WHEN: SOMETIME BETWEEN THE COMING MAY AND AUGUST
HOW LONG: Somewhere between a week and a half to a month, depending on how much of my own money I'd need to spend on things like food and places to sleep
WHERE: At least part of this will be in the UK.  Possibly all, depending on how much it costs to add other legs and assuming that I have some place to stay that does not cost me notable money.
MY BUDGET: ... is not so big.  I can manage this a hell of a lot better if I don't have to worry about lodging.  Also, note I can't drive.  I gather this is much less of a problem on the other side of the pond, but it's still worth noting.
PLANS: MEET SOME OF YOU NERDS.  MOSTLY NERDS I HAVE KNOWN FOR YEARS, BUT IF I DON'T REALLY KNOW YOU AND YOU'RE COOL AND YOU'RE CLOSE TO SOMEONE I DO KNOW, THAT'S DEFINITELY FINE TOO :D

Iiiii think early June is best?  But I am rather flexible; it is not as though I have obligations or anything.  Does anyone know if they could put me up for at least part of ... whenever it is?  What sort of things should I do?  What am I forgetting to ask?

I do have a passport, if you're wondering.


----------



## Minish (Nov 21, 2011)

! If you can, are you not going to make it around Expo time (I think 28th/29th May)? Really, it's the best time to catch UKians (+ Butterfree) around, and whoever you end up staying with probably will be going there!! It's pretty cheap if you don't buy anything, you just need to be in London. 

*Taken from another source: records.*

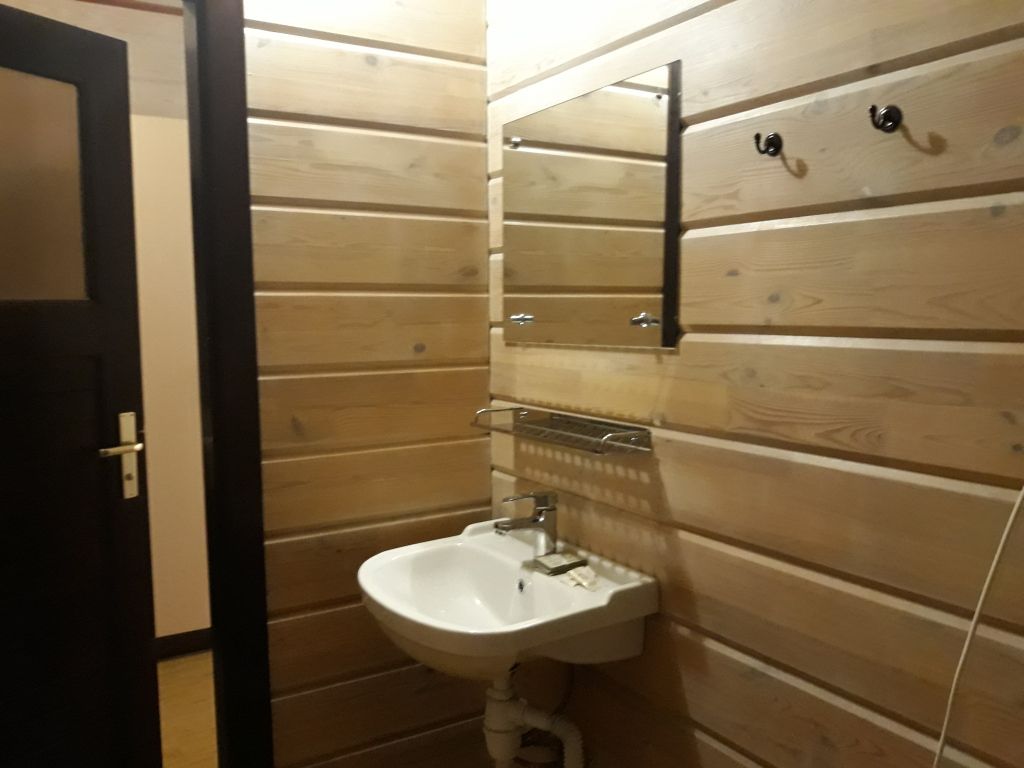 В туалете не хватает стаканчика под зубные щётки, ёмкость под мыло.
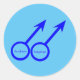 This lovely sheet of round stickers is designed for gay men. It features two blue male symbols standing side by side. There is customizable blue text inside each of the symbols to put names. These would make lovely envelope seals or favour bag seals to add a personal touch to those all important wedding invites and favours.
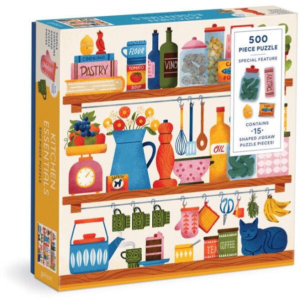 500 darabos kirakó Különleges, rejtett formákat tartalmazó kirakó! Márka: Galison Művész: Muti Kirakott kép méret: 50,8 x 50,8 cm Doboz méret: 20,3 x 20,3 x 3,8 cm Eredeti cím: Kitchen Essentials GTIN: 9780735374966
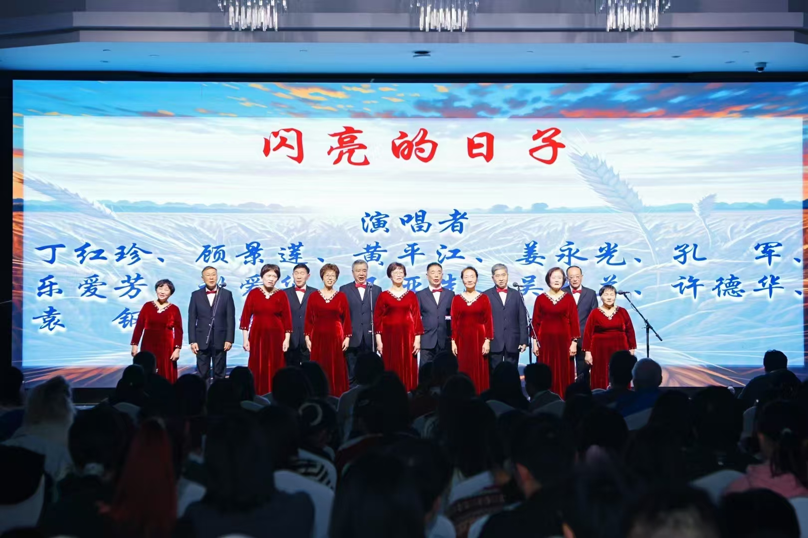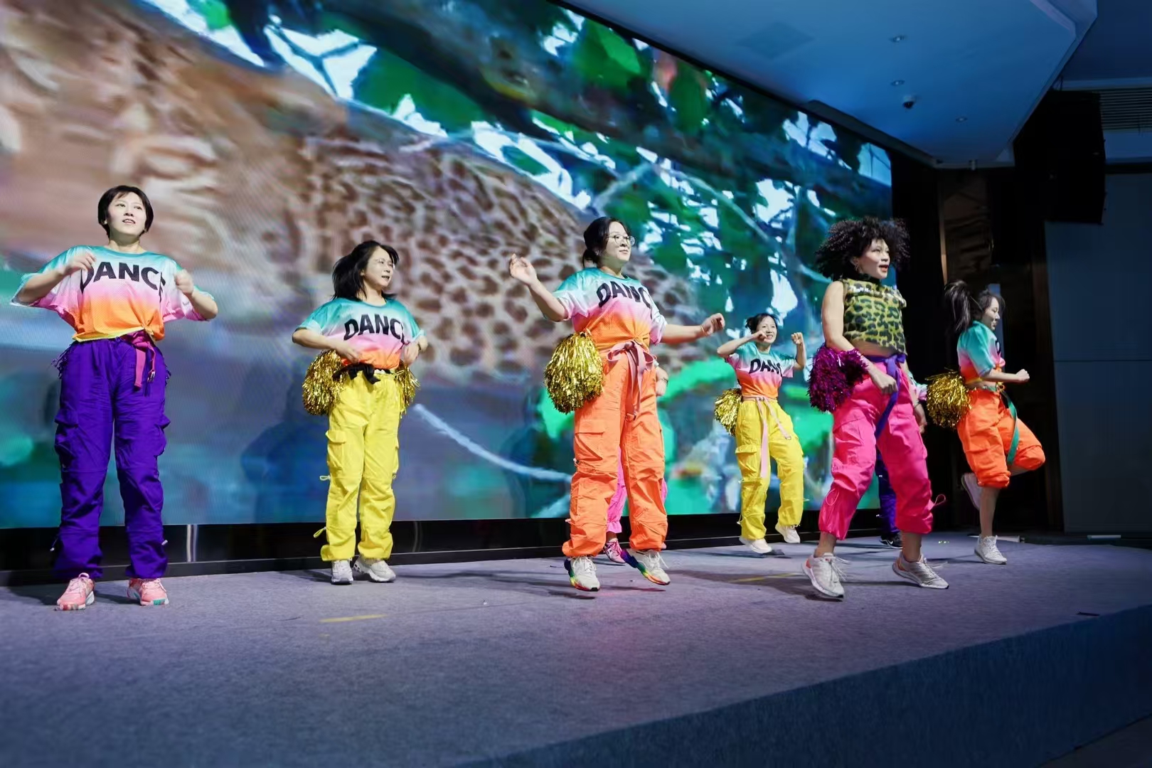 “閃亮的日子” 篇章洋溢著溫馨與歡樂(lè)。籃球操《本草綱目辣不辣》動(dòng)感十足,表演者們活力迸發(fā),點(diǎn)燃了現(xiàn)場(chǎng)的熱烈氣氛。退休職工代表帶來(lái)的小組唱《閃亮的日子》,歌聲悠揚(yáng)婉轉(zhuǎn),仿佛帶領(lǐng)大家回溯那些美好的舊時(shí)光。中心四位PI組成的 “老男孩組合” 驚喜現(xiàn)身,他們共同演唱《光輝歲月》《直到世界盡頭》。熟悉的旋律響起,激昂的歌聲中飽含著對(duì)往昔奮斗歲月的深情回顧,以及對(duì)未來(lái)的堅(jiān)定信念,引發(fā)了全場(chǎng)的強(qiáng)烈共鳴,將現(xiàn)場(chǎng)氣氛推向高潮。抽獎(jiǎng)環(huán)節(jié)穿插其中,驚喜連連,歡聲笑語(yǔ)回蕩在整個(gè)大廳,盡顯中心大家庭的溫暖與融洽。
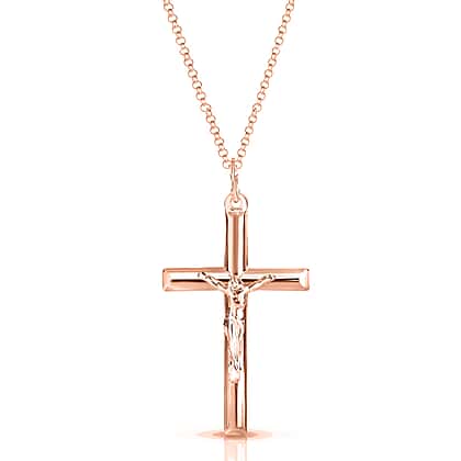 Rose Gold Overlay Sterling Silver Cross Pendant with Chain (Size 18)

Iiii would offer some assistance but now I live in north Scotland, so. :D

EDIT: OKAY okay probably 'between' means genuinely between so maybe this post isn't helpful at all. Is there really no way you can't make it then, though? :C If you do end up going off with someone you can just go home with them!!


----------



## surskitty (Nov 21, 2011)

I could indeed make it around Expo time (I'm free from mid-May to probably mid-August), but the problem is that I am not good with huge crowds and things being loud for extended lengths of time.  The only large con I've ever been to is Otakon, but I was ... kind of unhappy most of the time because there really weren't many places I could escape off to where stuff was still happening so it was like ... do things, or be able to actually pay attention to shit?  And it was just kinda ... yeah, don't want to do that again.  I don't know how London Expo compares, but like I'm fine with crowds as long as the crowd isn't the _point_ and it kind of is for cons.

So while I'm fine for the timeframe London Expo is in, I'm inclined to think I'd find London Expo more nervewracking than fun.

Going to north Scotland sounds like it would be cool, though!


----------



## opaltiger (Nov 21, 2011)

If you're here in early to mid June, after my exams, I could put you up for a couple of days.


----------



## Tarvos (Nov 21, 2011)

Public transport is affordable on the main continent, but in the UK it is heinously expensive.

I have no idea how busy I'll be during that time, because I'll hopefully be in the middle of my thesis. If you want cheap lodging, go for hostels or CouchSurfing.


----------



## Harlequin (Nov 21, 2011)

If you're here in sort of the May/June area I could host you in Cardiff, if you're at all interested in being here!


----------